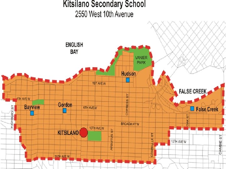 Kitsilano High School n n n Located at 2550 West 10 th Avenue Consists of the Kitsilano, Fairview and West Point Grey communities 5 elementary feeder schools Wide variety of programs Approximately 1, 630 students
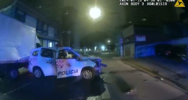 A câmara corporal de um policial militar gravou o momento em que ele pergunta a um colega de farda em outra viatura: “Apostar um racha?” Em seguida, o soldado acelera o carro oficial da Polícia Militar (PM) de São Paulo até bater em dois veículos que estavam estacionados e também no poste de um semáforo.
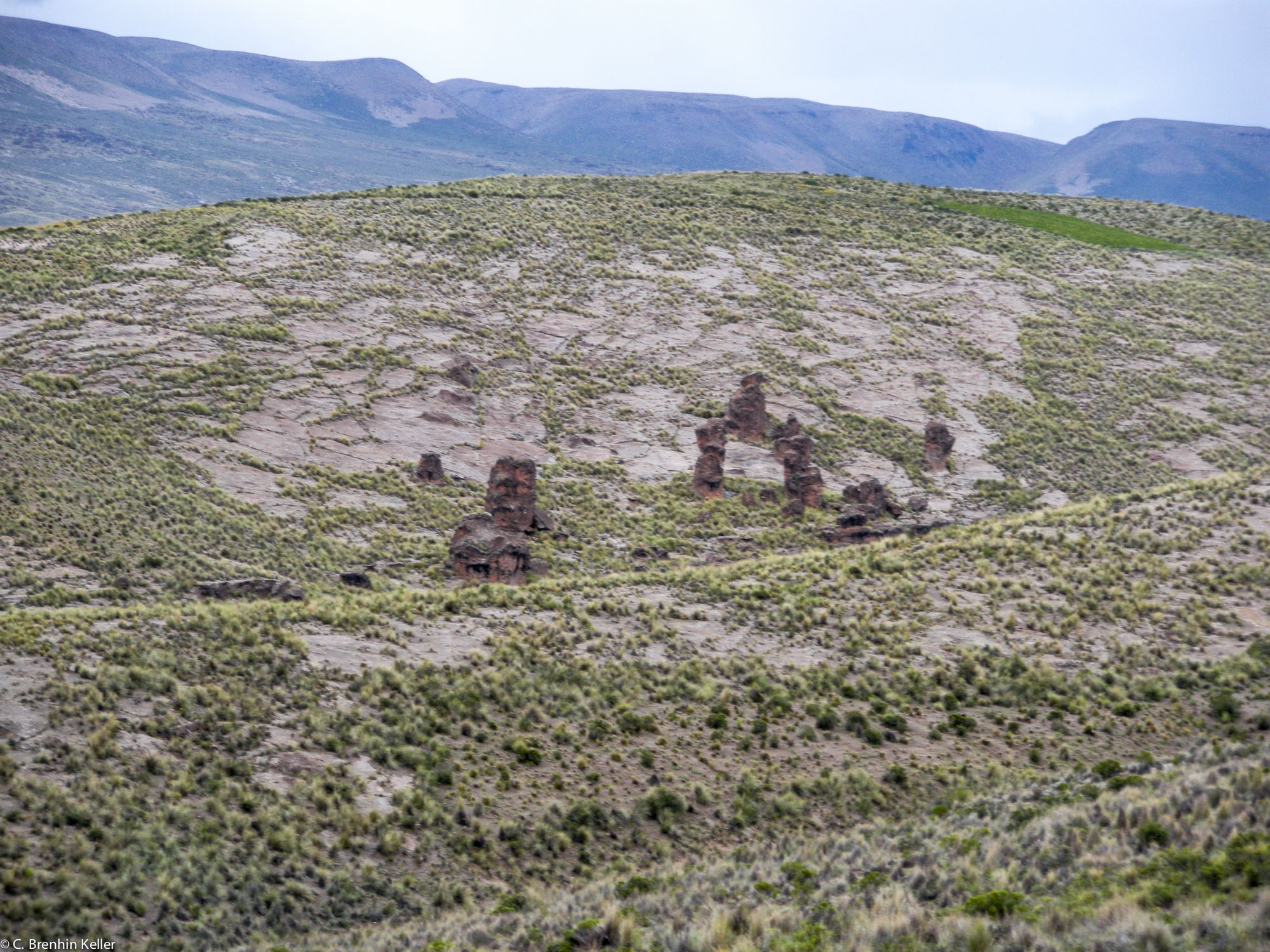 Silicified elutriation columns resist erosion relative to the surrounding tuff of the main Frailes ignimbrite
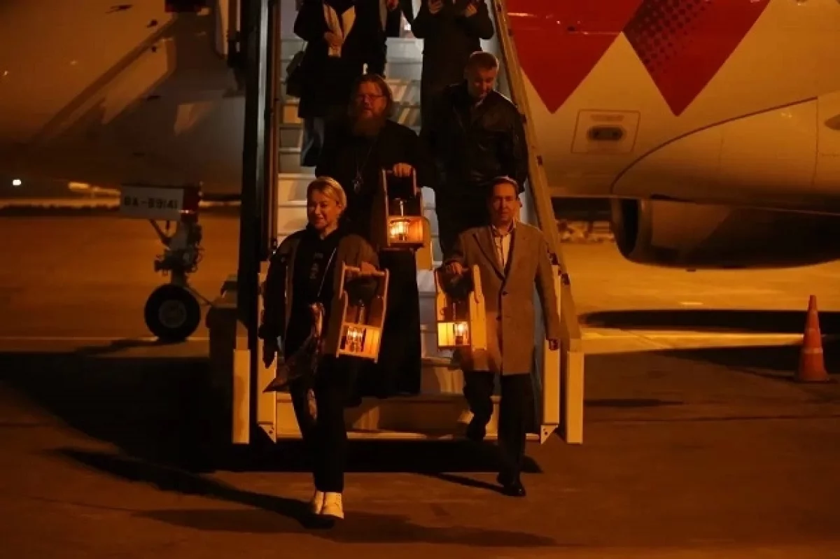 В аэропорту Кольцово миссию встретили десятки священнослужителей и православных верующих со всего Урала. Они приняли Благодатный огонь из рук старшего священника Храма-на-Крови, протоирея Максим Меняйло, директора фонда Александра Андреева и президента Академии спорта РМК Ивана Штыркова, чтобы развезти их по своим приходам.
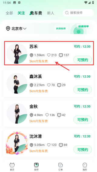 2、在技师页面,点击免车费分类标签,筛选免车费技师。
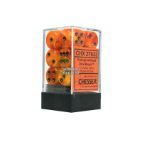 CHESSEX DICE: 16mm D6 Dice Block: Vortex Orange / Black (12 DICE)
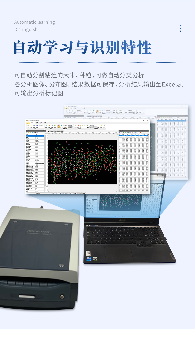 14、具有自動學(xué)習(xí)與識別特性,可自動分割粘連的大米、種粒,可做自動分類分析。

*PROBLEM*. Give the data again word for word, without images.

*RESULT FOR THIS EXERCISE*.
 Kitsilano High School n n n Located at 2550 West 10 th Avenue Consists of the Kitsilano, Fairview and West Point Grey communities 5 elementary feeder schools Wide variety of programs Approximately 1, 630 students
 A câmara corporal de um policial militar gravou o momento em que ele pergunta a um colega de farda em outra viatura: “Apostar um racha?” Em seguida, o soldado acelera o carro oficial da Polícia Militar (PM) de São Paulo até bater em dois veículos que estavam estacionados e também no poste de um semáforo.
 Silicified elutriation columns resist erosion relative to the surrounding tuff of the main Frailes ignimbrite
 В аэропорту Кольцово миссию встретили десятки священнослужителей и православных верующих со всего Урала. Они приняли Благодатный огонь из рук старшего священника Храма-на-Крови, протоирея Максим Меняйло, директора фонда Александра Андреева и президента Академии спорта РМК Ивана Штыркова, чтобы развезти их по своим приходам.
 2、在技师页面,点击免车费分类标签,筛选免车费技师。
 CHESSEX DICE: 16mm D6 Dice Block: Vortex Orange / Black (12 DICE)
 14、具有自動學(xué)習(xí)與識別特性,可自動分割粘連的大米、種粒,可做自動分類分析。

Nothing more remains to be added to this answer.